• [TASK REQUIREMENTS]: Give again only the lines from the line that holds "22 October 2019;" to the end of the data, inclusive, omitting all pictures.
"""
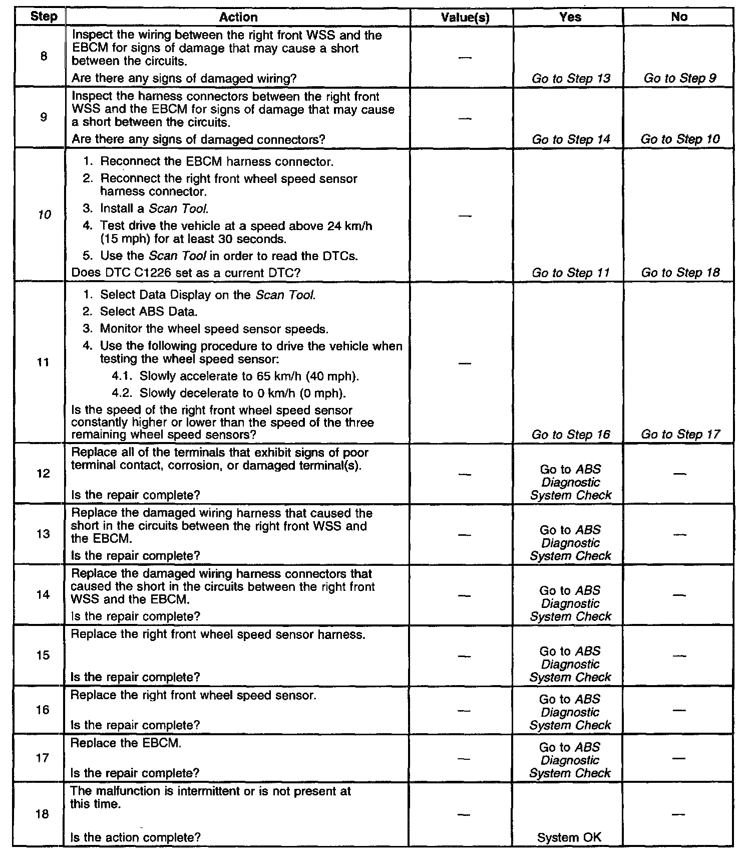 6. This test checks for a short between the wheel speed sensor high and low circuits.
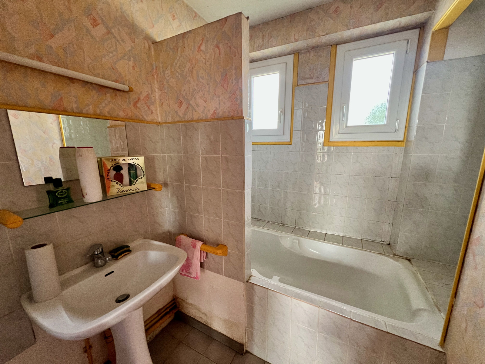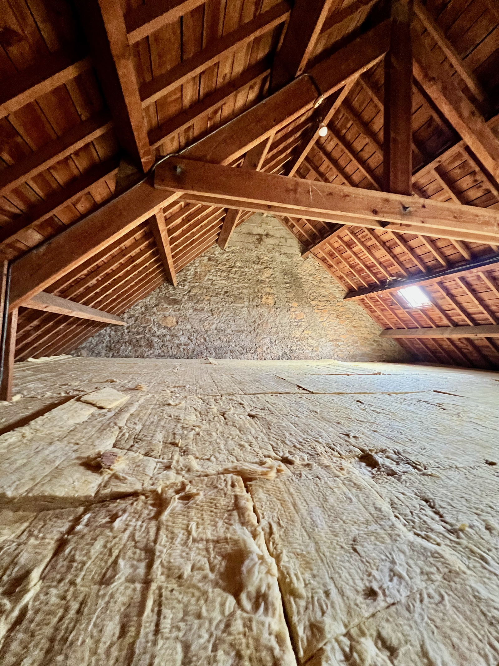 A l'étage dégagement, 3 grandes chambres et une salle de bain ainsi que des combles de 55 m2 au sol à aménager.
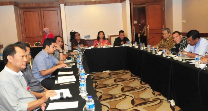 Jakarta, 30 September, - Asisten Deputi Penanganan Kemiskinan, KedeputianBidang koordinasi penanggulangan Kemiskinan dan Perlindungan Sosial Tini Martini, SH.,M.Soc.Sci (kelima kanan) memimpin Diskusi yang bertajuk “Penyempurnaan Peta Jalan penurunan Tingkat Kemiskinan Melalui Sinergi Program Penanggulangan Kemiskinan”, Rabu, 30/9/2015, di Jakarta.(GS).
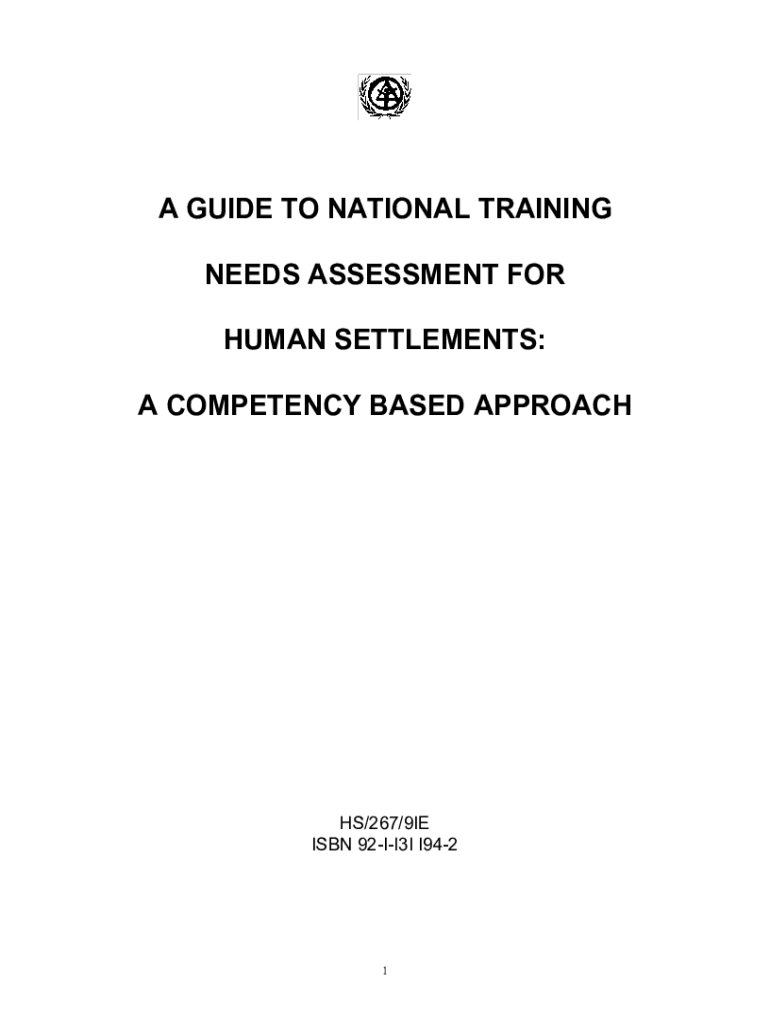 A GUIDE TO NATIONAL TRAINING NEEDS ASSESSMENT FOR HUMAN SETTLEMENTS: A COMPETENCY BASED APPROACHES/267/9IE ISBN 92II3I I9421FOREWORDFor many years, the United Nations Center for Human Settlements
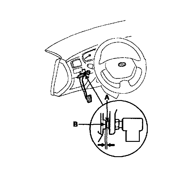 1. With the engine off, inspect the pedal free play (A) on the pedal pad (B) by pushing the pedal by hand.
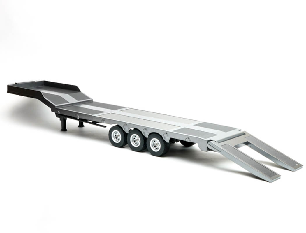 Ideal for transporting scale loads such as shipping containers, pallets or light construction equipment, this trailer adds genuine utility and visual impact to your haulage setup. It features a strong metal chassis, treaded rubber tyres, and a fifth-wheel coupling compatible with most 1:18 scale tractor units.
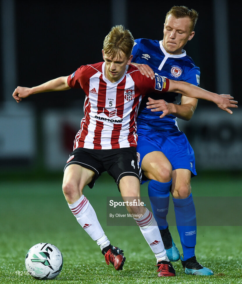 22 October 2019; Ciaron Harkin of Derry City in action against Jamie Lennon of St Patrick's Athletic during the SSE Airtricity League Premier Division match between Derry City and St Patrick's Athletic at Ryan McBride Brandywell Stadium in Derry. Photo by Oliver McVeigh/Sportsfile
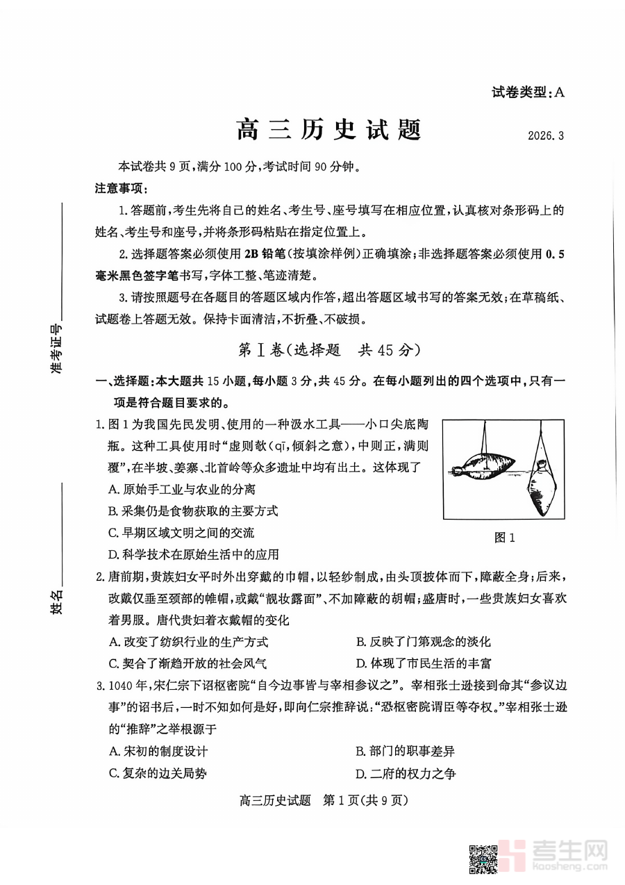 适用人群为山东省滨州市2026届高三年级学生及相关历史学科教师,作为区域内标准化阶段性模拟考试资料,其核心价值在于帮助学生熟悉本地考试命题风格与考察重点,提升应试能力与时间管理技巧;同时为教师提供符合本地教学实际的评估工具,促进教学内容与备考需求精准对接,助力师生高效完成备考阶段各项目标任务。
"""
• [THE ANSWER]:
 22 October 2019; Ciaron Harkin of Derry City in action against Jamie Lennon of St Patrick's Athletic during the SSE Airtricity League Premier Division match between Derry City and St Patrick's Athletic at Ryan McBride Brandywell Stadium in Derry. Photo by Oliver McVeigh/Sportsfile
 适用人群为山东省滨州市2026届高三年级学生及相关历史学科教师,作为区域内标准化阶段性模拟考试资料,其核心价值在于帮助学生熟悉本地考试命题风格与考察重点,提升应试能力与时间管理技巧;同时为教师提供符合本地教学实际的评估工具,促进教学内容与备考需求精准对接,助力师生高效完成备考阶段各项目标任务。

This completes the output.